Other aspects of the settlement proposal are also problematic. Several provisions purport to bind the Commission to adopt new general procedures, approve similar requests for operating authority from other vessel common carriers, and take all necessary action to carry out the parties' agreement. As a general matter, it is entirely inappropriate for the parties to attempt to bind the Commission in this fashion. Moreover, Rule 51.1(a) expressly limits a settlement to the issues in the immediate proceeding and prohibits the settlement from extending to substantive issues which may come before the Commission in "other or future proceedings," precluding the adoption of such a procedure.
Finally, the parties' agreement that the Commission will establish streamlined registration procedures is also invalid because we can only adopt such rules of general application using notice and comment rulemaking procedures.

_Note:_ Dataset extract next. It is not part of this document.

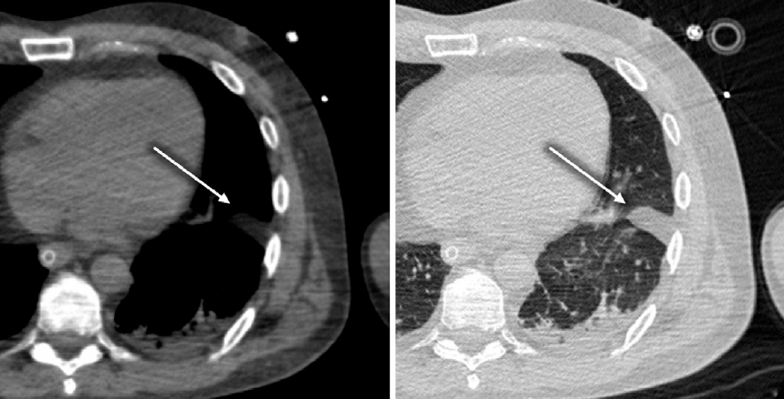 Рис. 2. КТ органов груди в аксиальной плоскости (слева — мягкотканное окно, справа — легочное окно). Пролабирование экстраплевральной клетчатки в междолевую щель (стрелки).

Although we can include reasonable terms and conditions in an order if they pertain specifically to the circumstances of the particular proceeding, we cannot make sweeping changes to our general procedures for granting vessel common carrier operating authority by implementing a private agreement between the parties in an application proceeding.
In summary, we are amenable to considering a settlement in which the parties (1) provide for the establishment of a reasonable and specifically defined number of new (to the applicant) services pursuant to public agency and private entity contracts, if those services will commence within a reasonable, specifically defined time period; (2) agree that the protestant waives any claim that the applicant is operationally and financially unfit to do so; (3) agree that the existence of a contract indicates that there is a public need; (4) agree that a protestant withdraws the protest in the proceeding; and (5) forecloses the applicant from filling a protest if the protestant should apply for operating authority for the same service within a defined time period. The terms and conditions we foresee adding to the order upon adoption of such a settlement include provision for an appropriate level of environmental review, particularly with respect to prospective service that is entirely new, and especially if new construction will be required.
Although we realize that our decision today may be discouraging to the parties, we encourage them to renew their settlement efforts if they can do so without exceeding these limitations. We want to provide the best possible environment for settlement negotiations, and our order therefore adopts an approach suggested by the second and third options in Rule 51.5: although we reject the settlement before us, we will give the parties 60 days to renegotiate their agreement so as to be consistent with the guidelines set forth above, and to resubmit it to us by new motion if they so choose. Alternatively, Marine Services may request other relief by again amending its application. If neither of these actions is taken by the expiration of the 60 days, we will dismiss the amended application.
6 The year 1989 was pivotal, as the first of these services began operation that year when the Loma Prieta earthquake required closure of the San Francisco-Oakland Bay Bridge for 30 days. We granted initial operating authority by emergency order, but as certain of these services became established permanently under the aegis of sponsoring agencies, our procedure for certificating new services have proven to be cumbersome and unresponsive.